Zucker K, Cirocco R, Roth D, Olson L, Burke G W, Nery J, Esquenazi V, Miller J
Department of Surgery, University of Miami School of Medicine, Florida.
Transplantation. 1994 Mar 27;57(6):832-40. doi: 10.1097/00007890-199403270-00011.

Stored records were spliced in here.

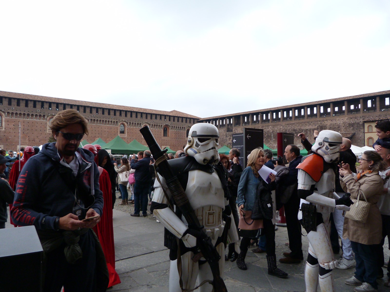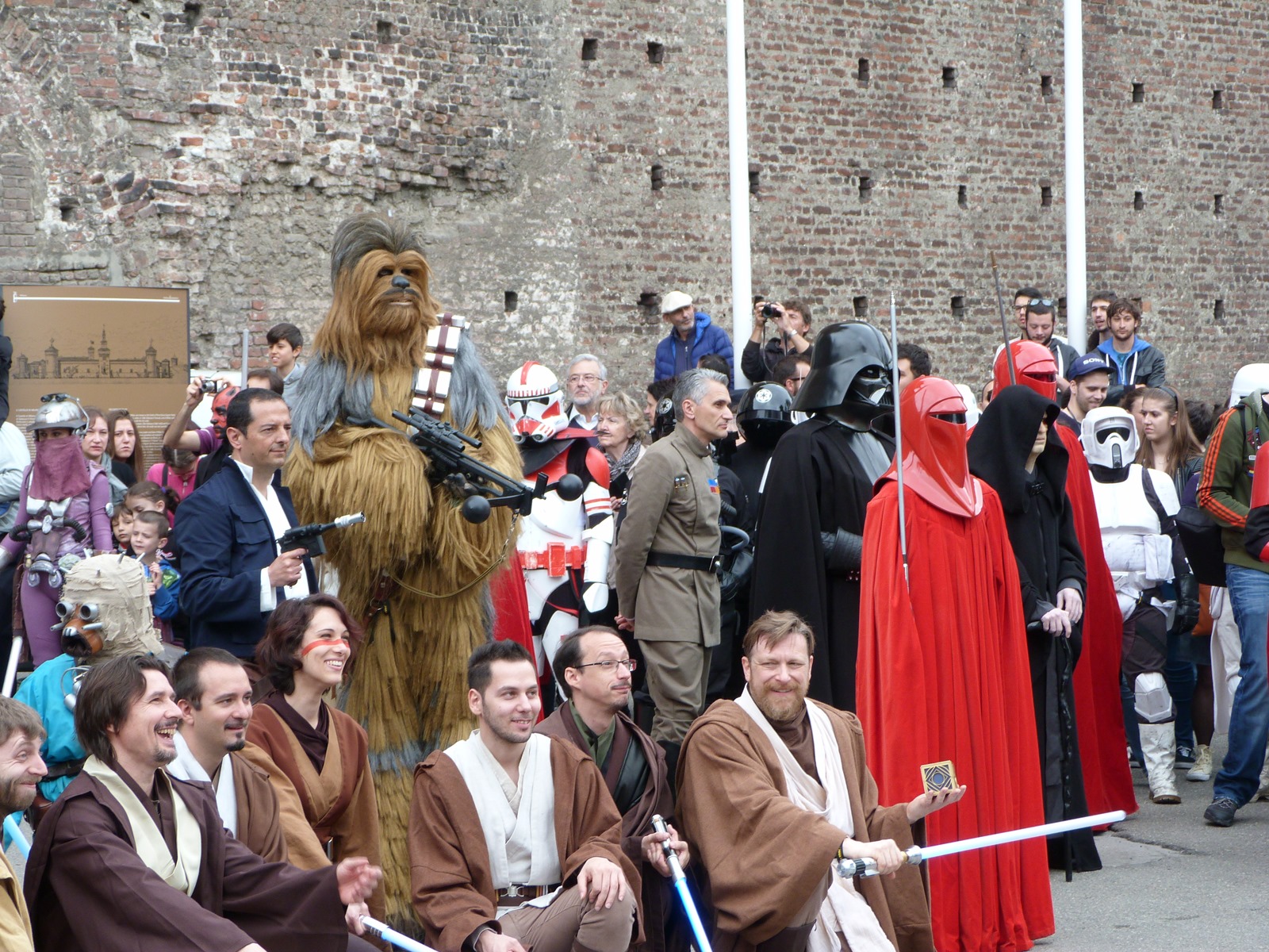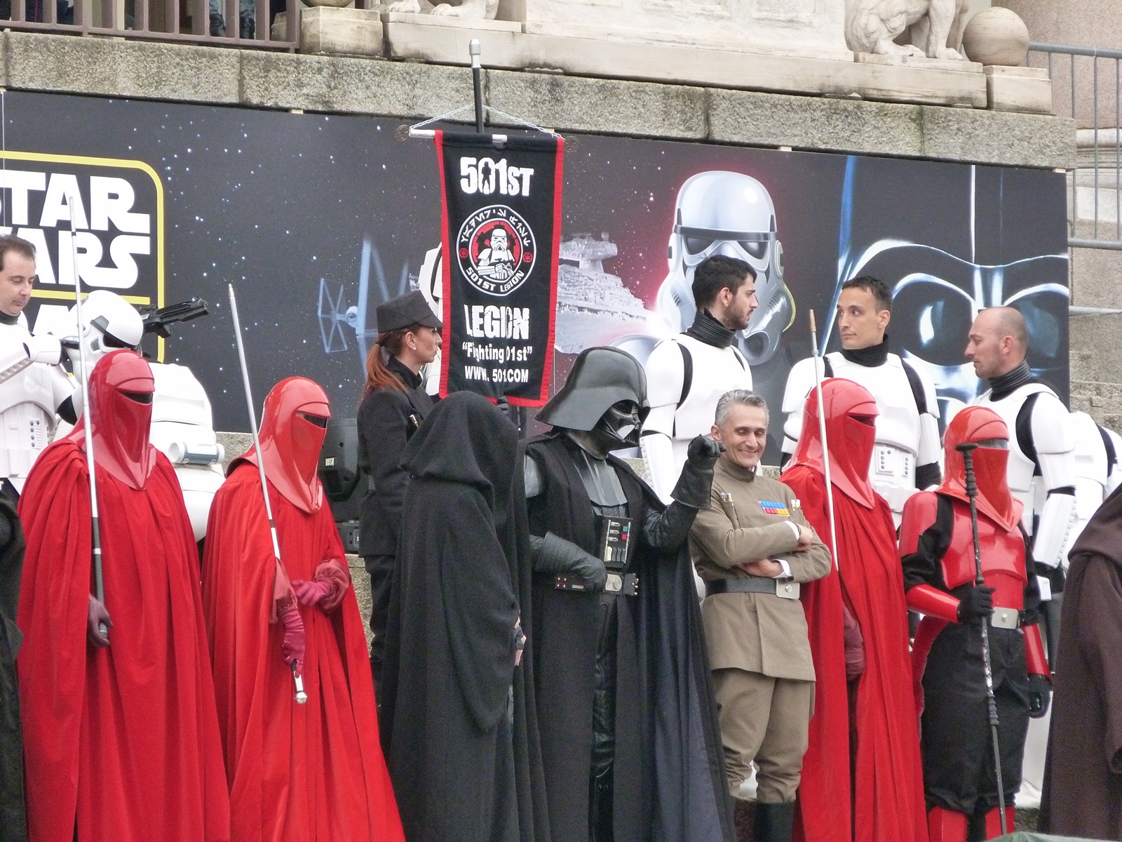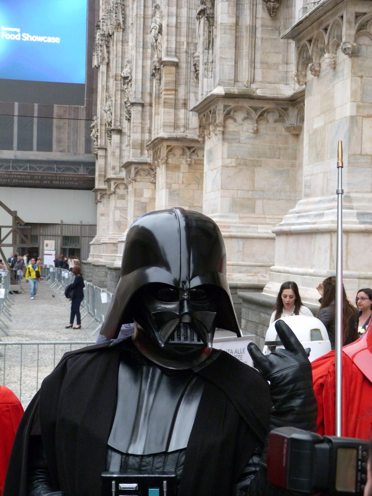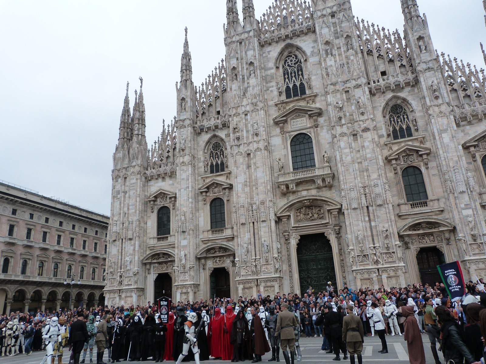 All'arrivo in piazza Duomo erano già innumerevoli i fan di tutte le età in attesa di vedere da vicino i propri personaggi preferiti e le prime spade laser si facevano già intravedere in mano a tanti bambini, ma non solo, mentre gli stormtrooper attendevano l'apparizione dalla Terrazza Mondadori di Darth Vader che ha salutato dall'alto.
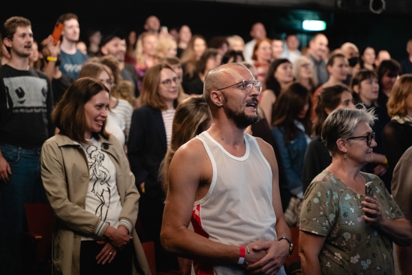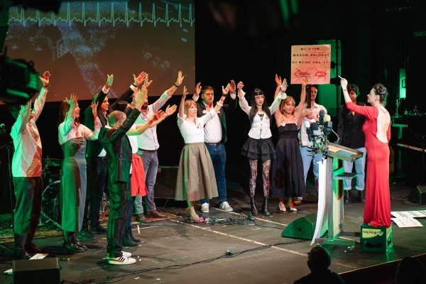 Ausgangspunkt ist der Sprechchor Pumpajmo glasno (Lass uns laut pumpen), den Ensemblemitglied Tina Keserović mit Mitgliedern der serbischen Diaspora aus Wien und Linz entwickelt hat: Stimmen, die den Rhythmus der Proteste aufnehmen, Stimmen, die Wut, Hoffnung und Beharrlichkeit tragen. Die Künstlerin Zoe Gudović wirft in einem Live-Essay ihren ganz persönlichen Blick auf die politischen Verwerfungen der Region. Dazu bringt die Band Deca iz Vode – EKV-Tribute-Band und Begleiterin der Proteste – ihren Sound und ihre Erzählungen von den Straßen Belgrads auf die Bühne. Der Kurzfilm Tačka pucanja (Bruchpunkt) von Lazar Jovanović, die Aktivist:innen von Blokada Beč, unterschiedliche Stimmen aus Serbien und die Wiener Punkband Ausländer eröffnen weitere Perspektiven auf Widerstand und Solidarität. Zum Abschluss: eine Stunde Tanz zu den Sounds der Queer Yugo Pop Party. Die Bühne wird zum Auftakt der neuen Saison mit allen eingetanzt. Im SchauspielhausWien Beč wird Diskurs zu Disko und Bewegung zu Protest. Die Veranstaltung wird moderiert von Ivana Urban.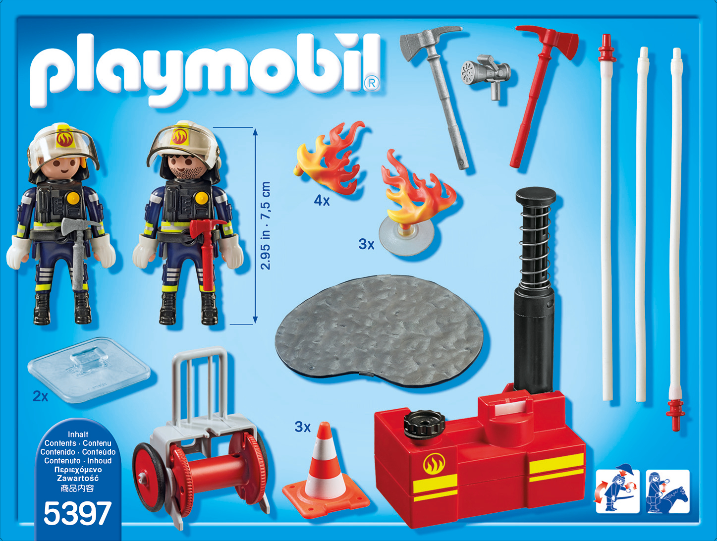 La boîte contient Contient 2 pompiers, 1 lance à incendie avec réservoir d'eau, 3 plots, et d'autres accessoires. La lance à incendie fonctionne.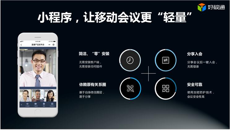 MeetingBox Pro硬件性能全面升级 硬件性能全面升级后的MeetingBox Pro将更好地服务于企业日常会议、远程教育培训、视频直播、智慧教育、远程医疗示教、远程应急指挥等场景,为用户带来更优质的使用体验。 发布会的另一重要产品——好视通微信小程序是齐心好视通云视频会议平台的微信入口,通过好视通微信小程序,用户无需下载APP就可轻松使用齐心好视通云视频会议产品,具有即用即走随手可得、多端兼容、可分享可传播、操作体验好等优点。更重要的是,以微信作为连接器开发的好视通微信小程序还可分享微信10亿庞大的用户流量红利,未来通过开发合作,能赋能更多行业服务拓宽入口,更进一步触达用户。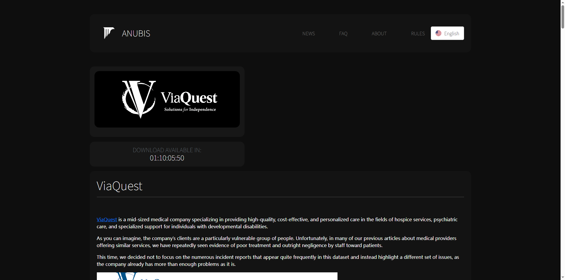 暗网泄露平台Anubis曝光美国ViaQuest医疗公司完整数据。该公司是一家专注于临终关怀服务、精神护理以及发育障碍人士专业支持的中型医疗机构,其客户群体为高度脆弱人群。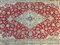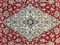 Campo rosso ciliegia decorato da volute di palmette di fiori e fogliami stilizzati che incorniciano un medaglione centrale avorio e azzurro con composizione di fiori a forma di diamante allungato.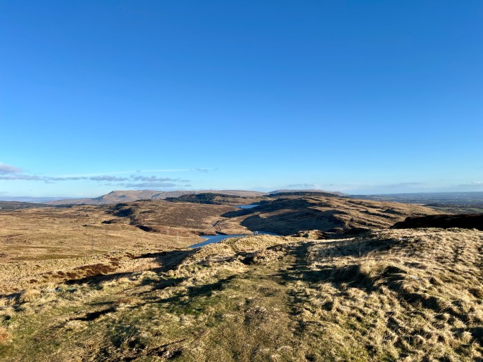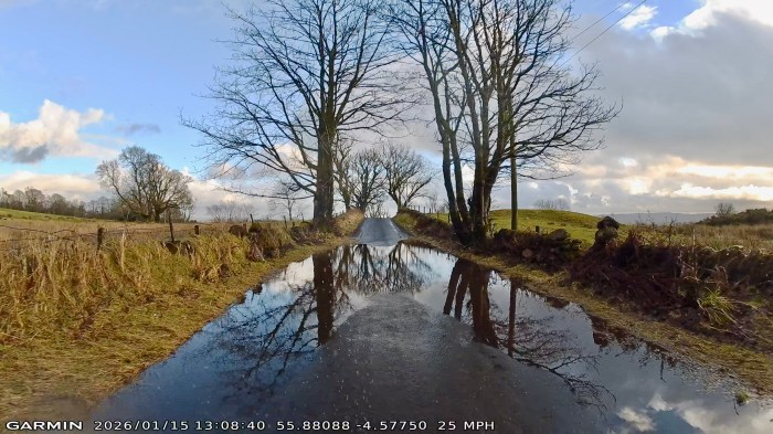 Finally, the January weather wasn’t always great for cycling, but I’ve selected my two favourite sunny images from John’s collection. Can you spot the hikers near the centre of the first one? And I’ve left the Garmin info on the second one, chosen for its reflections, so you can see how fast he was riding into that puddle.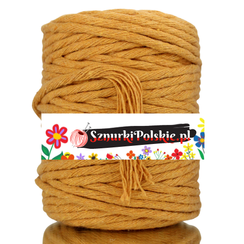 Sznurek bawełniany skręcany MUSZTARDOWY 10m 5mm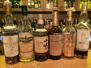 すべて飲むときはハーフショットの水割りだが、飲むにつれていいお酒ほどおいしくなって違いが分からなくなる。最終的に日本の「山崎」とアイリッシュの「ミドルトン」、「カバラン」で悩んでしまった。結局一口目の印象が当たっていた。苦もなく分かると思っていたがとんでもなかった。しかも、スコッチはスペイサイドの「マッカラン」、カナディアンは「カナディアンクラブ」、バーボンは「ワイルドターキー」とそれぞれの国の代表的なウイスキーがそろっていた。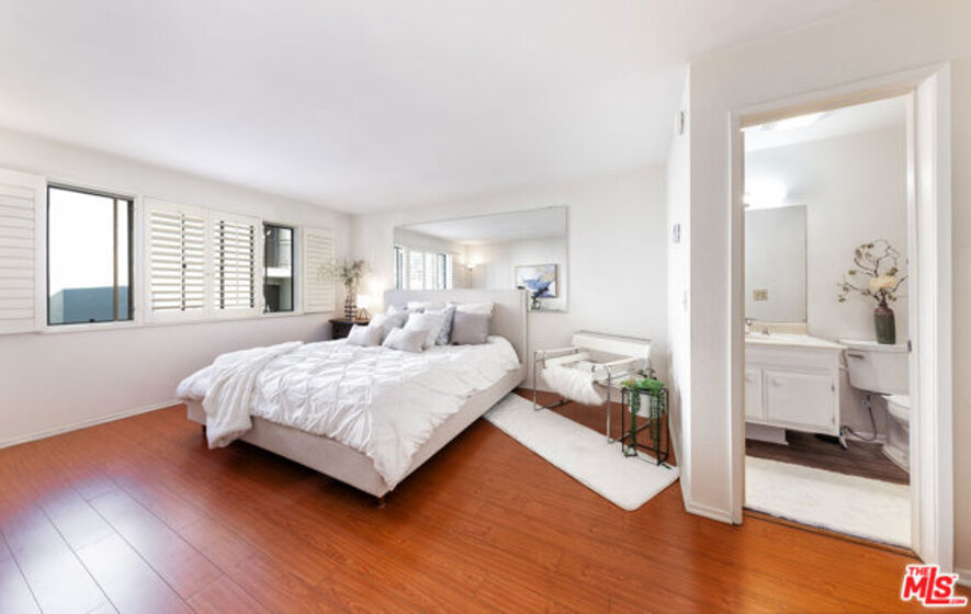 Beautiful, peaceful and serene 2 bedroom (2 Principals) + 2 bathrooms + 1 balcony + 2 parking spaces (not tandem)+ Open concept + Tree Top view+ Extra Storage + Close to Ballona Creek Bike Path ! There are several special features in this condo: 1) 2 principal bedrooms and one of them has a separate entry to the bedroom! Great for roommate situation or renting one of the rooms. You can keep one bedroom and a living area and totally isolate the other bedroom/bathroom. For a 1 bedroom buyers consider this one. Buy a 2 bedroom and use one side and have the second bedroom pays for itself. Once you need to expand your living space, you have 2 bedrooms. 2) This unit is facing the courtyard and it is very peaceful and serene. You don't feel you are in the middle of the city 3) Prime Location: bike ride to the beach using the Ballona Creek Bike Path, adjacent to Playa Vista, Marina del Rey and Culver City. Literally easy access to Tech hub, shopping, restaurants, LAX and more. Open floor concept, very spacious, light, bright and airy living area w/ breakfast bar. Large windows in the living room brings tons of natural light with the view of the courtyard, Tree tops and the pool. 4) This unit is conveniently located close to the community laundry and the elevator. Outdoor balcony flows from the living area and it is a peaceful spot to have a glass of wine or cup of tea/coffee. Each side of the living area you have 2 great size principal bedrooms. Each one with a bathroom and walk in closet. Custom Plantation Shutters in all windows/sliding doors. Great size kitchen with lots of storage. Extra Storage by the parking space. This condo is well designed with no wasted space. Amenities: Pool, exercise room, meeting room, sauna, hot tub, peaceful walk ways with Koi Ponds. Centrally located in the west side, close to Silicon Beach areas, Playa Vista, Marina del Rey, LAX, Santa Monica, Beaches, Culver City, shopping mall, all kinds of retails, restaurants, and Fwys. HOA includes many utilities: water, sewer and trash!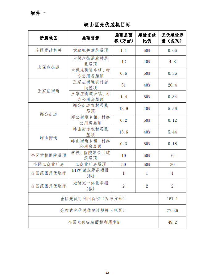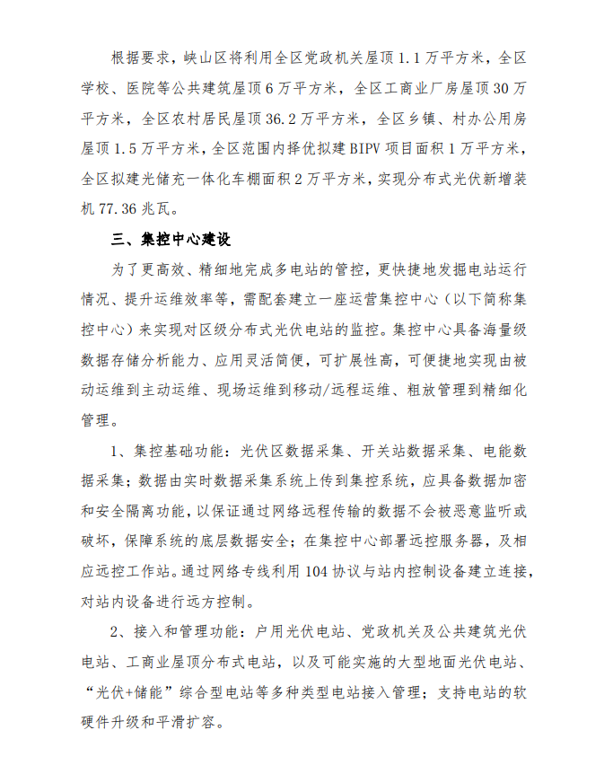 為深入貫徹落實鄉(xiāng)村振興戰(zhàn)略,努力實現(xiàn)國家碳達峰、碳中和戰(zhàn)略任務(wù),統(tǒng)籌推進“源網(wǎng)荷儲-智慧協(xié)同”的分布式光伏建設(shè),打造全國“雙碳”示范區(qū),根據(jù)峽山區(qū)本地光照條件和屋頂資源情況,結(jié)合國家能源局政策要求,峽山區(qū)將利用全區(qū)黨政機關(guān)屋頂 1.1 萬平方米,全區(qū)學校、醫(yī)院等公共建筑屋頂 6 萬平方米,全區(qū)工商業(yè)廠房屋頂 30 萬平方米,全區(qū)農(nóng)村居民屋頂36.2 萬平方米,全區(qū)鄉(xiāng)鎮(zhèn)、村辦公用房屋頂 1.5 萬平方米,全區(qū)范圍內(nèi)擇優(yōu)擬建 BIPV 項目面積 1 萬平方米,全區(qū)擬建光儲充一體化車棚面積 2 萬平方米,實現(xiàn)分布式光伏新增裝機 77.36 兆瓦。

The safety of the use of kidneys procured from a hepatitis C virus (HCV)-positive cadaver donors in transplantation has recently been the subject of controversy. One factor that is important in determining the transmission of the virus and/or viral liver disease is the total viral inoculum to which the renal allograft recipient is exposed as a result of the transplant. We have studied the effect of a standard pulsatile renal preservation procedure and variations of it on the number of viral copies in organs from HCV-positive donors. An HCV-RNA quantitative reverse transcription-polymerase chain reaction (RT-PCR) method was utilized with a recombinant competitive inhibitor substrate added after cDNA synthesis with the PCR primers within the relatively non-polymorphic 5' untranslated region of the HCV genome. Additionally, strain specificity was found to be detectable using a modification of the technique of restriction fragment-length polymorphism (RFLP-PCR), so that virus from the organ donor could be specifically identified and quantified in the recipient. It was observed that standard preservation procedures using pulsatile perfusion were able to eliminate 75% of the virus from the organ in 20 hr. By modifying this procedure to include additional wash steps and a second pulsatile perfusion, greater than 99% of the virus could be eliminated from the kidney. In a related study, we used quantitative PCR to study requirements for filtration of the virus using HCV-positive serum. It was found that a high-flow-rate ultrafilter with a molecular weight cut-off (MWCO) of 300,000 daltons placed in series to the preservation apparatus was very efficient in eliminating the virus from perfusion solution in less than 2 hr. It can therefore be proposed that with the use of these molecular techniques, pulsatile perfusion coupled with additional viral depletion steps (dilution, and/or filtration) may allow the practical reduction of HCV transmission risk in recipient follow-up studies. The means are thereby presented for similar manipulation of other known or, as yet, unknown transmissible agents.
使用丙型肝炎病毒(HCV)阳性尸体供体的肾脏进行移植的安全性近来一直是争议的焦点。在确定病毒传播和/或病毒性肝病方面,一个重要因素是肾移植受者因移植而接触到的病毒接种总量。我们研究了标准的脉动式肾脏保存程序及其变体对HCV阳性供体器官中病毒拷贝数的影响。采用HCV-RNA定量逆转录-聚合酶链反应(RT-PCR)方法,在HCV基因组相对非多态性的5'非翻译区内用PCR引物合成cDNA后添加重组竞争性抑制剂底物。此外,发现使用限制性片段长度多态性技术(RFLP-PCR)的改良方法可检测菌株特异性,从而能够在受者中特异性鉴定和定量来自器官供体的病毒。据观察,使用脉动灌注的标准保存程序能够在20小时内从器官中清除75%的病毒。通过修改该程序,增加额外的冲洗步骤和第二次脉动灌注,可以从肾脏中清除超过99%的病毒。在一项相关研究中,我们使用定量PCR研究使用HCV阳性血清过滤病毒的要求。结果发现,一个分子量截留值(MWCO)为300,000道尔顿的高流量超滤器串联在保存装置上,在不到2小时的时间内就能非常有效地从灌注液中清除病毒。因此可以提出,通过使用这些分子技术,脉动灌注结合额外的病毒清除步骤(稀释和/或过滤)可能会在受者后续研究中切实降低HCV传播风险。由此提供了对其他已知或未知可传播病原体进行类似处理的方法。